In 2019, he acquired a half-acre of real estate in downtown Clayton from the Gershman family and affiliated entities where he unveiled a $270 million project with luxury condominiums and a high-end hotel. The project was meant to be his last hurrah.

“He knew he was near the end of a storied career but he was determined to cut the ribbon on the (Clayton) project,” said Chris Fox, president and CEO of Gershman Commercial Real Estate, which represented the Gershman family in its sale with Kummer.

But by 2020, Mr. Kummer dropped the project and started talks with St. Louis commercial real estate firm Balke Brown Transwestern to sell the property.

“He was very open about the urgency of his situation,” Fox said. “He told me several times that he no longer buys green bananas.”
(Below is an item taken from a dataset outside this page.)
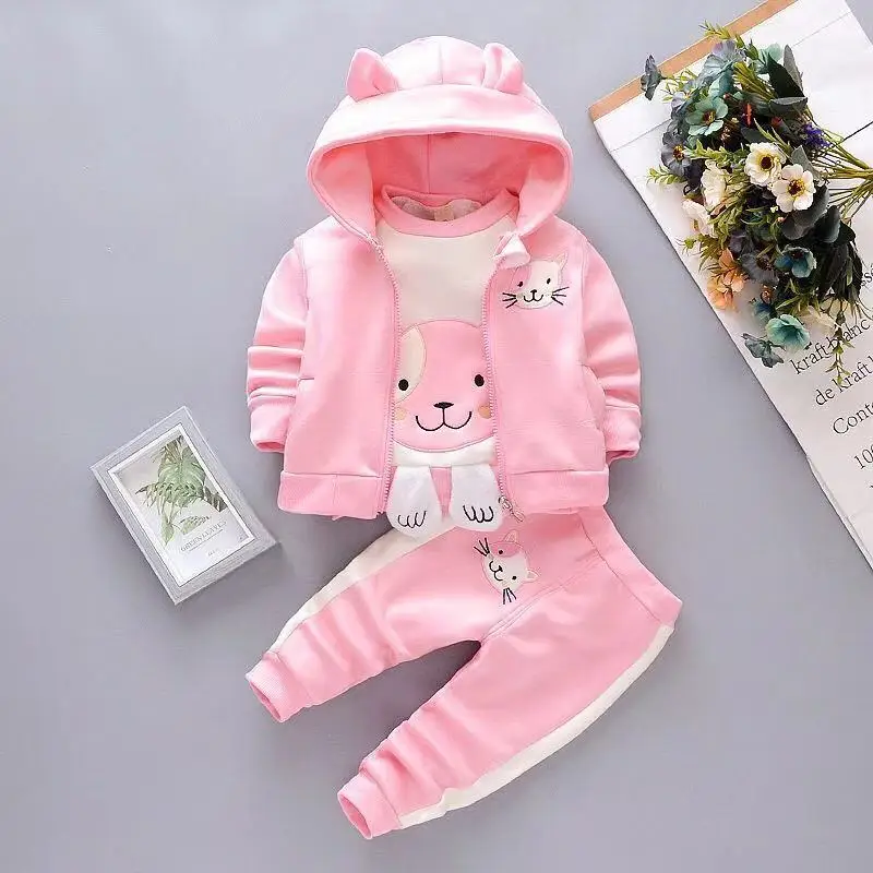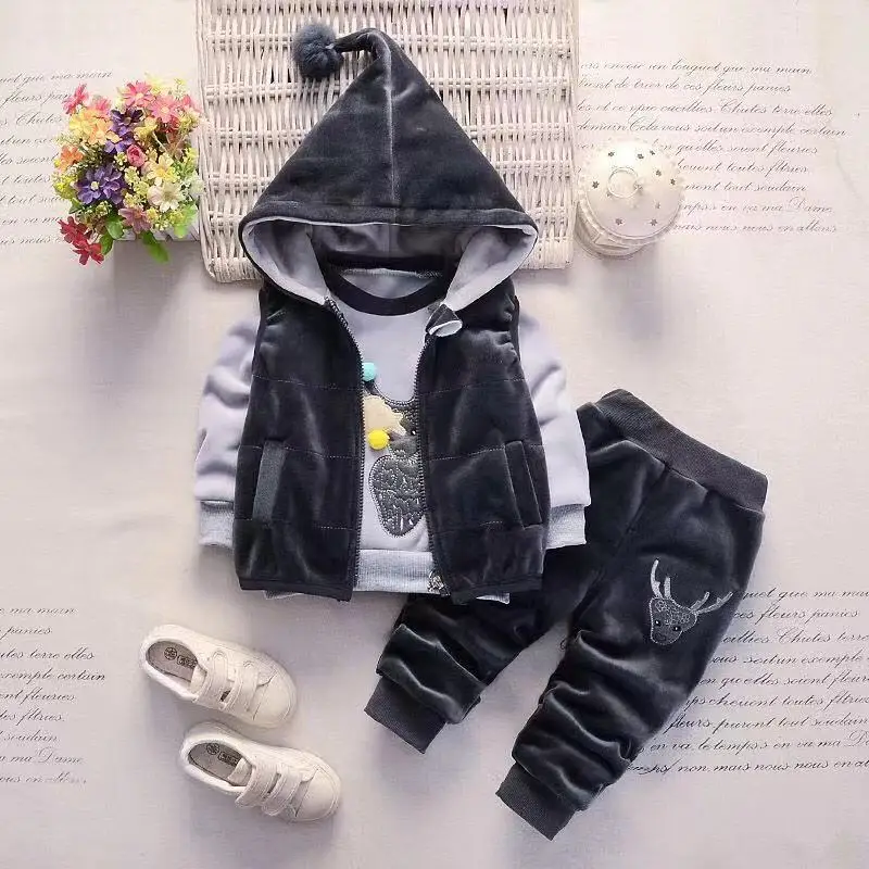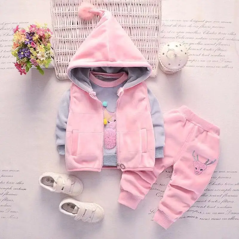 Product Name: Zima dziewczynek chłopców kot odzież zestaw dla dzieci grube ciepłe spodnie garnitur dzieci oraz aksamitna dres małych dzieci z kapturem kamizelka 3 sztuk 1 4T

Last fall, the business titan and his wife, June, donated $300 million to his alma mater, Missouri S&T — the largest single gift to a university in Missouri history.

The university plans to use the “transformative” funds for a new school of innovation and entrepreneurship, research activities and scholarships for students, according to Mo Dehghani, Missouri S&T chancellor.

Kummer, a 1955 graduate in civil engineering, has said he owed much of his success to his education there.

“My Rolla experience taught me how to think, how to work hard and how to manage my own career,” Mr. Kummer said in an October statement.

In addition to his wife, survivors include a son, Fred S. Kummer III; two daughters, Caroline Crosswell and Melanie Brewer; a sister, Gloria Shedler, and sister-in-law Arleen Roettger; eight grandchildren and four great-grandchildren.

A visitation will be held from 4 p.m. to 8 p.m. Wednesday at Bopp Chapel in Kirkwood.